**Recorded information**
▽
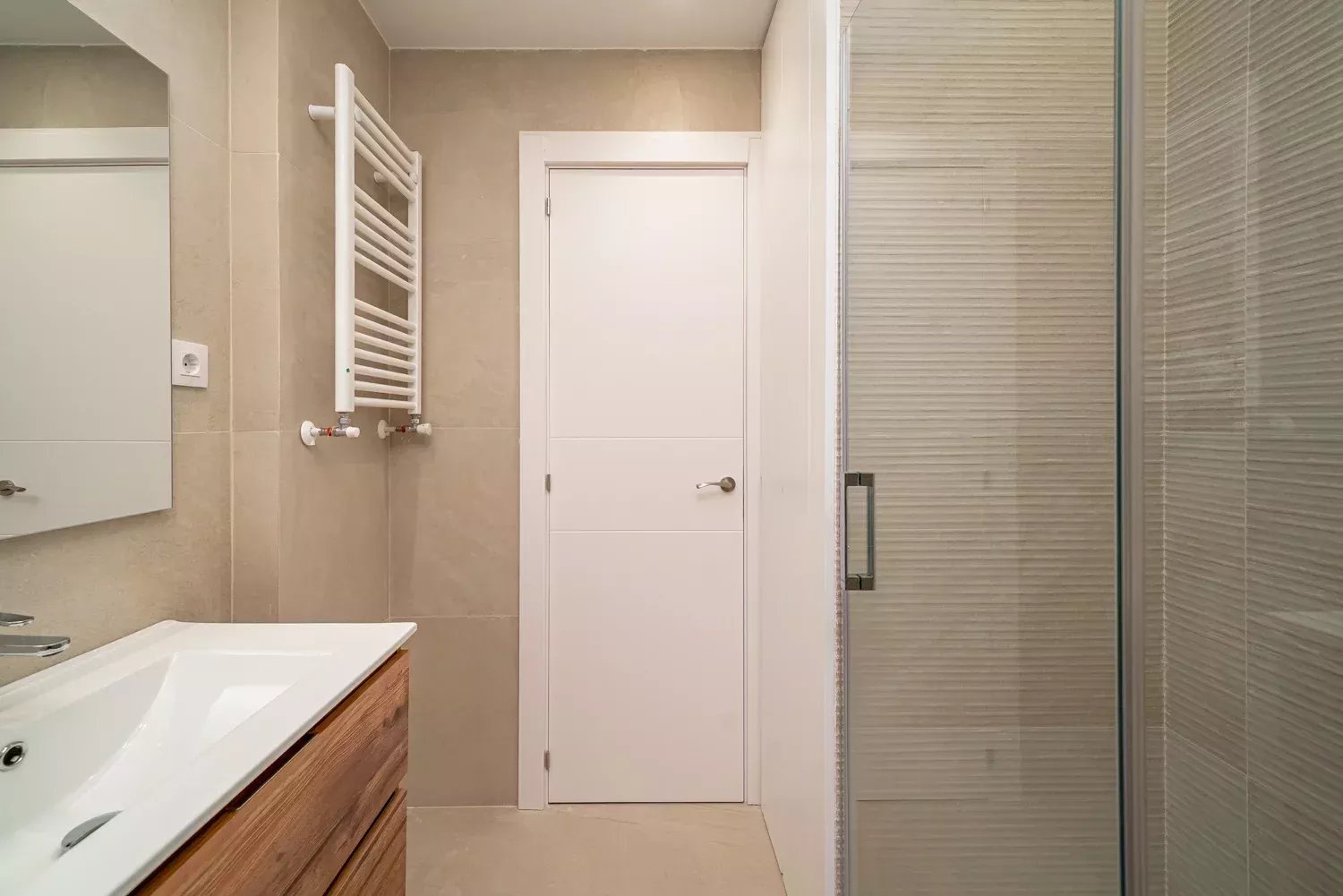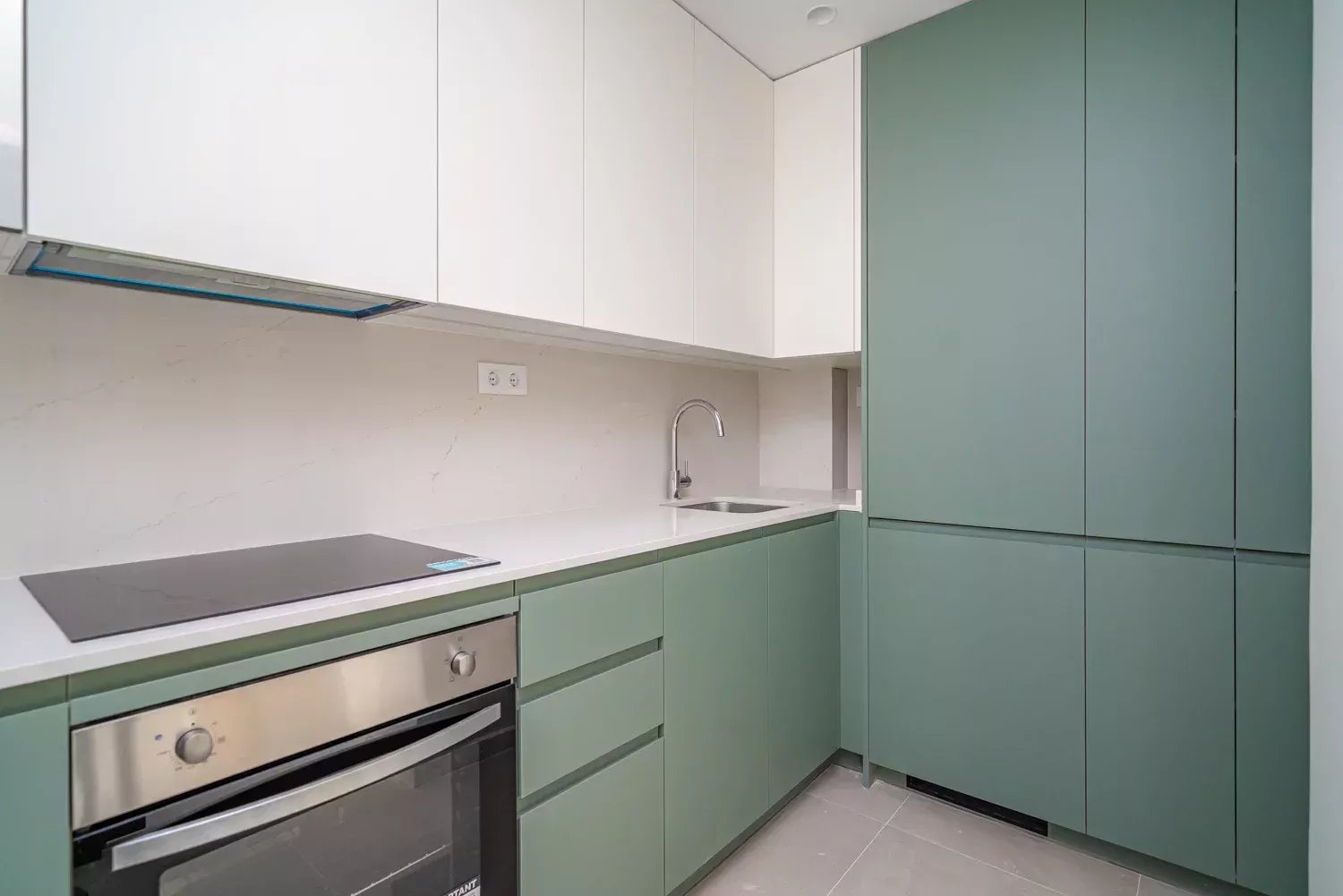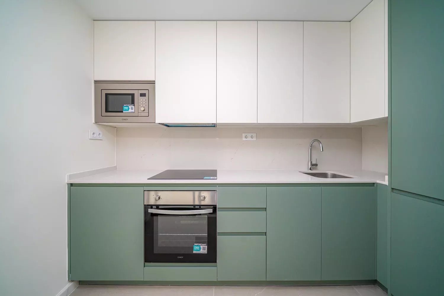 Le logement comprend une chambre double, une salle de bain complète et un grand salon-salle à manger avec cuisine intégrée, équipée d'appareils électroménagers neufs. Grâce à sa hauteur et à son orientation, l'appartement bénéficie d'une excellente lumière naturelle tout au long de la journée, ce qui lui confère une grande sensation d'espace et de confort.
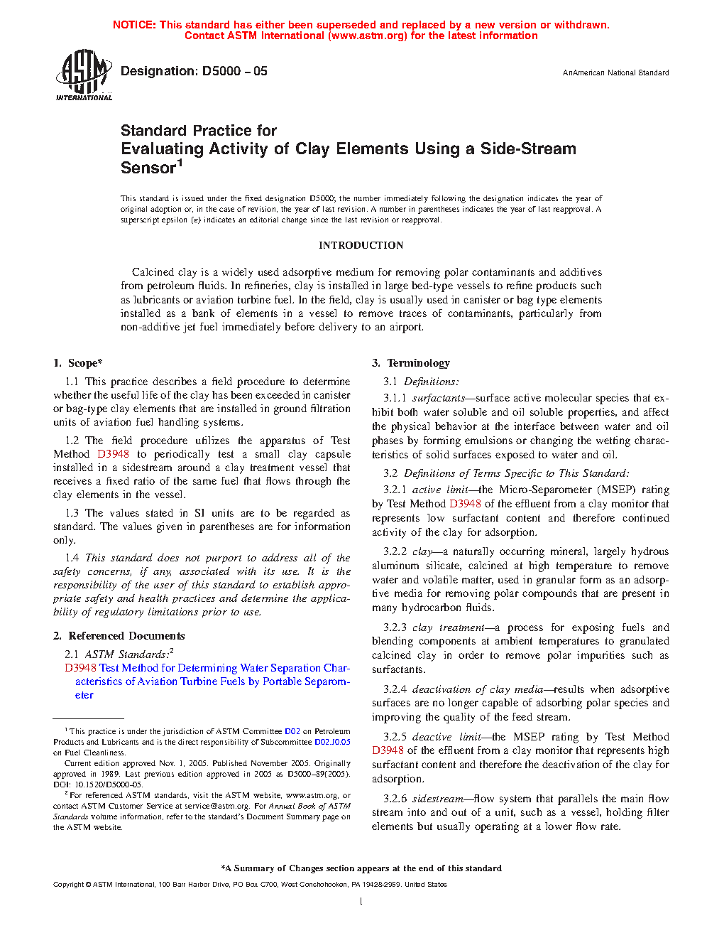 1.2 The field procedure utilizes the apparatus of Test Methods D3948 to periodically test a small clay capsule installed in a sidestream around a clay treatment vessel that receives a fixed ratio of the same fuel that flows through the clay elements in the vessel.
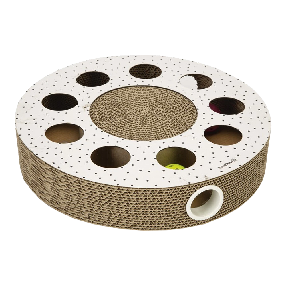 Het Beeztees Hide krabspeelgoed is het ideale speeltje om jouw kat te vermaken. Enerzijds kan Hide worden gebruikt om lekker te krabben. De zijkant en de cirkel in het midden zijn namelijk gemaakt van krabkarton. Daarnaast kan het spelletje ook worden gebruikt om het balletje te pakken te krijgen. Jouw kat zal namelijk met veel plezier het balletje proberen te pakken door zijn poten in de gaten te doen.
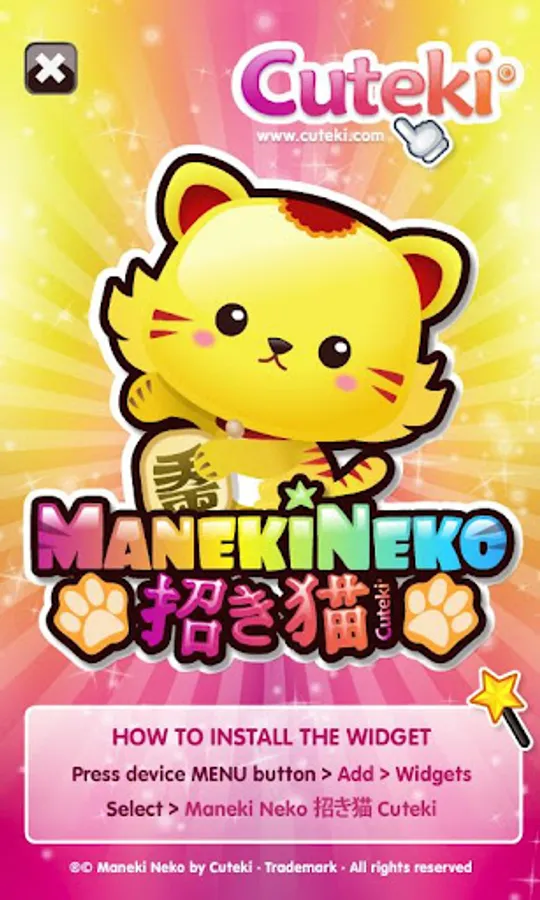 Press Menu → Add → Widgets → Maneki Neko 招き猫 Cuteki
△
**Work order**
Nothing but the lines from the line with "Het Beeztees Hide" through the last line of the listing should be copied, exactly and with both ends kept. Leave pictures out.

**Output**
 Het Beeztees Hide krabspeelgoed is het ideale speeltje om jouw kat te vermaken. Enerzijds kan Hide worden gebruikt om lekker te krabben. De zijkant en de cirkel in het midden zijn namelijk gemaakt van krabkarton. Daarnaast kan het spelletje ook worden gebruikt om het balletje te pakken te krijgen. Jouw kat zal namelijk met veel plezier het balletje proberen te pakken door zijn poten in de gaten te doen.
 Press Menu → Add → Widgets → Maneki Neko 招き猫 Cuteki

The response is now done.